Ideally, a surgical tool dataset should have large data volume, expert annotations, reliable ground-truth, and reusability. An issue is the size of available datasets, the benchmark dataset—ImageNet—has 14 million categorized images in a hierarchical arrangement. By contrast, most medical image datasets are limited to hundreds of cases, and datasets with thousands of annotated images are very limited (Maier-Hein et al., 2020). A valuable initiative would be to create and curate a large surgical tool dataset of tens of thousands of tool images across surgical specialities with different modalities of image capture. Further, all the datasets surveyed in our paper have a flat structure. Given that fact that surgery is organised along specialities (Table 7), and each speciality has separate underlying categories, a hierarchical classification of surgical tools in the datasets provided for machine learning research has been shown to be extremely valuable (Rodrigues et al., 2022, 2021a, b).

Table 7 Specialities addressed in the research

10.3 Dataset Bias and Generalisation

A major problem highlighted by Barbu et al. (2019) is that most datasets are highly biased. The objects of interest were generally highly correlated with the image backgrounds and objects were presented in stereotypical orientations with limited occlusions and under standardised illumination conditions. These biases were problematic because training on these datasets did not transfer well to real world data where there were variable views, orientations, backgrounds and illumination (Barbu et al., 2019), and there is limited research that tests or addresses this problem. In our survey, we found that benchmark datasets capture very specific image types with similar backgrounds, modalities, controlled collection methods, identical contexts and annotations. A key concern expressed in the literature is about algorithms which are trained on a specific dataset, procedure, intervention or in specific institution being able to generalise to other datasets and procedures (Ross et al., 2019).

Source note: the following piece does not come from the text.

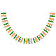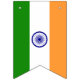The Indian flag is a charged horizontal tricolour with in the middle an emblem. The used colours in the flag are blue, orange, white, green. The proportion of the Indian flag is 2:3. The Flag of India was adopted in 1947.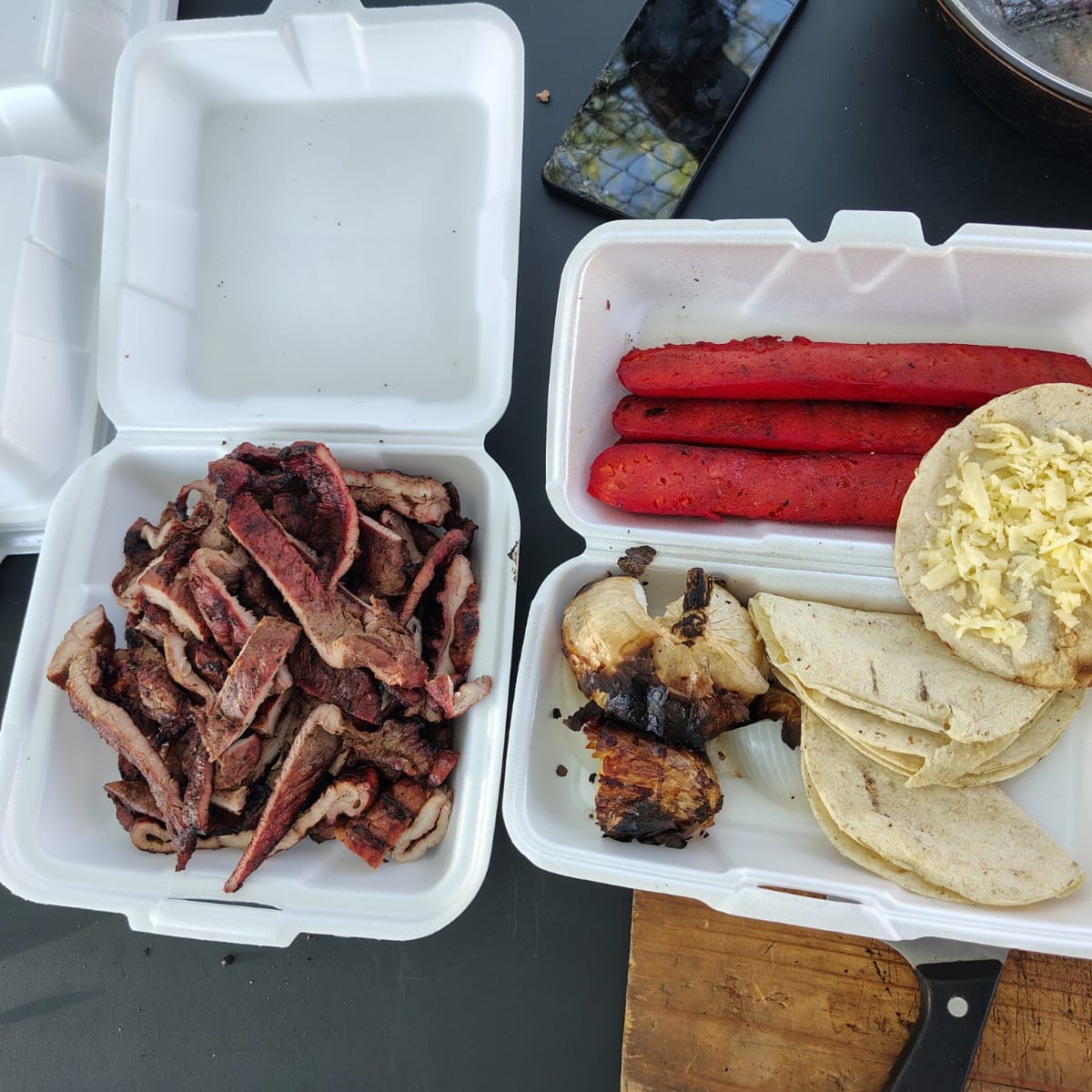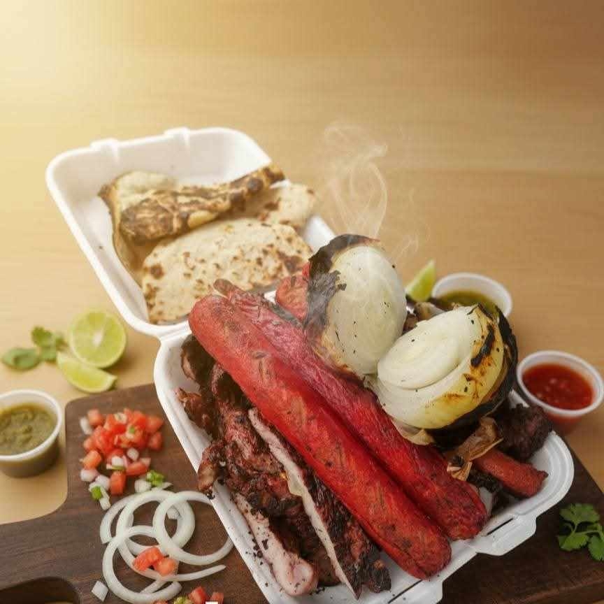 medio kilo de carne asada 1 salchicha jumbo 2 quesadillas,1 tostada 1/2 cebolla ,tortillas,salsas

To ensure viewpoint invariant object detection, different angles, scales, background clutter, illumination, orientation, pose, occlusion and intra-class variations should be captured in the images. Generalisation can be estimated by conducting research across different datasets using the same model. For example, Sahu et al. (2020) tested the Endo-Sim2Real model for instrument segmentation across two datasets—Cholec80 and EndoVis 2015, Zhao et al. (2019a) tested their method on the EndoVis Challenge dataset and the ATLAS Dione dataset, and Kalavakonda et al. (2019) evaluated three different deep architectures—U-Net, VGG16 and MobileNetV2—on their NeuroID dataset and on the EndoVis 2017 dataset. Du et al. (2018) and Kayhan et al. (2019) developed machine learning solutions and tested them on the RMIT and EndoVis 2015 datasets. More research initiatives across datasets to evaluate issues such as how accuracy or performance changes from one dataset to another, or the dependence of performance on camera or image quality, is essential.

More research is also required across the fourteen surgical specialities as listed in Table 7, since the current research is limited in scope and scale and only addresses a few specialities, but to accomplish this, better surgical tool datasets need to be made available.

10.4 Issues with Annotations

Maier-Hein et al. (2014) highlighted the fact that the performance of deep learning classifiers are heavily dependent on the availability of relevant annotations, and point out that such annotations are difficult and expensive to obtain because they need medical expertise and experience. Since medical resources for this task are limited, available datasets for deep learning are typically small and unable to cover the required range of variance for training deep learning systems for medical applications.

Orting et al. (2020) hypothesised that the high costs associated with annotations is a factor in the limited availability of large-scale, well-annotated datasets. They reviewed 57 papers that used crowd-sourcing for the analysis of medical images and for labelling large quantities of data. They reported that 42% of the papers they surveyed focused on classification, 39% on localisation or segmentation, 12% on both classification and segmentation, and a further 7% on other tasks—each task required specific annotations to be performed, with varying degrees of complexity and difficulty. Hein et al. (2018) state that deep learning based techniques for medical applications require huge amounts of accurate reference segmentation annotations, and completing manual annotations is extremely time consuming. The authors state that crowd-sourcing could result in accurate and cost-effective annotations for radiology images, and showed that even non-experts were able to complete high quality image segmentation in the medical domain.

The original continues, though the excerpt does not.